This was the first year for our sunken-path greenhouse. I was not able to build it at its full 20x12' size due to permitting restrictions, so instead (following the advice of an engineer I consulted) I built just the first 6x12' with the intention of adding on in subsequent years. This means that the east (downhill) wall is temporary and does not yet have a permanent door. Here's an album of photos of the structure during and after construction. I'll make a video next year about what I learned from building it, but for now I'd like to talk about the temperatures I measured during the winter.
Obviously the whole point of a glasshouse is to create a milder microclimate than outdoors. The sunken path is intended to siphon the coldest air away from ground level, and the barrels of rainwater against the garage wall are intended to buffer temperature swings. However, the smaller-than-intended size of the structure and the many air leaks created by my use of corrugated roofing panels — and an old air mattress for a door on the temporary east wall — mean that it is not working as well as I would hope. But how well is it working?
I had only two recording thermometers to work with, so I put one at ground level in the center of the structure and the other on top of the rain barrels for 3 high/low cycles and at the bottom of the trench for another 3 cycles.

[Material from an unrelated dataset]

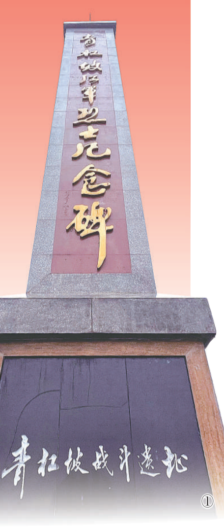
图①：青杠坡红军烈士纪念碑。

走出纪念馆，夜幕降临，华灯初上，行走在土城老街的青石板路上，小院里一家老小正围坐在电视机前吃饭，其乐融融；黄桷古树下，居民们欢快地跳着广场舞；长街被一排排温馨的大红灯笼点亮，红色灯光的映照下，四处洋溢着安详……艰难的岁月虽已远去，民族复兴伟业还在征途，我们每一名共产党员都应该坚守这份信仰，为国家

Here's what that looks like on a graph:
So the ground temperature is consistently warmer than outdoors, but the barrel and trench are not telling a consistent story — neither one is showing the buffering of temperature I would like to see (unless the 1/24 data point is an outlier), and most importantly, the temperatures are not being maintained above freezing (32°F) in any location. It's still possible that I'll get the desired results when the structure is larger and more permanent, but if I don't, it will not have been worth the cost and effort.